I will now find the best transformations for the non-binary explanatory variables using the powerTransform method.
```{r}
m2 = powerTransform(object=cbind(data$X1, data$X2, data$X3))
summary(m2)
```
This output shows that I should transform X2 and X3 by taking their log, since their estimated powers are close to 0. I should leave X1 since its estimated power is close to 1.
So my new potential full model will be as follows denoted m3. I will then run the inverseReponsePlot and the boxcox methods to see if the variable Y needs to be transformed.
```{r}
m3 = lm(data$Y ~ data$X1 + log(data$X2) + log(data$X3) + as.factor(data$X4))
inverseResponsePlot(m3)
boxcox(m3)
```
From both graphs I can see that for Y, raising it to the 1/2 would be the best transformation and may produce the better model.
Now my new model is:
```{r}
m4 = lm((data$Y ^.5)~ data$X1 + log(data$X2) + log(data$X3) + as.factor(data$X4))
```
I will now check the model with a Residuals vs Fitted plot and a normal QQ Plot to check that all the appropriate assumptions are met.
```{r}
plot(m4)
```
From the Residuals vs. Fitted plot I can see that the model is approximately linear as the points appear to be randomly scattered around residuals of 0 with no clear pattern.
Also I can see that there is approximately equal variance as the spread of the points do not appear to change too much. There does appear to be one point that sticks out more than the rest, that being point 67, but from the Residuals vs Leverage Plot I can see that it falls below the 0.5 line, meaning it is not too influential.
From the QQ Plot I can see that the data is not exactly normal, but that should not matter too much because the data has a large sample size making the model resistant in the Normality assumption.
Lastly I will assume the data was taken so that they are independent of each other, thus satisfying the independence assumption.
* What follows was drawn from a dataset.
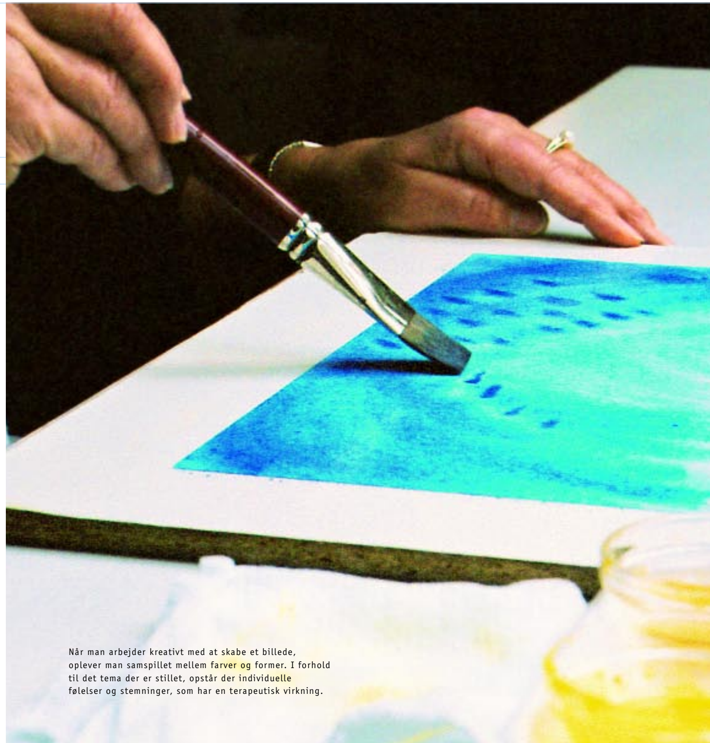
Når man arbejder kreativt med at skabe et billede, oplever man samspelet mellem farver og former. I forhold til det tema der er stillet, opstår der individuelle følelser og stemninger, som har en terapeutisk virkning.

I 1921 indrettedes de første, dengang endnu beskedne, klinikker i Arlesheim ved Basel (Schweiz) og i Stuttgart (Tyskland), hvor denne nye medicinske metode fandt praktisk anvendelse. Med dette som udgangspunkt har den antroposofiske medicin siden bredt sig til det meste af verden og samtidig videreudviklet og forvandlet sig.

Finally, I will view the summary of the model to see which explanatory variables appear to be significant in predicting the response.
```{r}
summary(m4)
```
From the summary I can see that the X1(average rent paid for all tillable land) and X2 (the density of dairy cows) variables are significant with pvalues less than 0.05. This means that I have evidence to believe the density of dairy cows and average rent paid for all tillable land is significant in predicting the rent for land planted to alfalfa relative to rent for other agricultural purposes. Also this means I have no evidence to believe whether or not liming is required nor the amount of pasture has any effect on the land rent.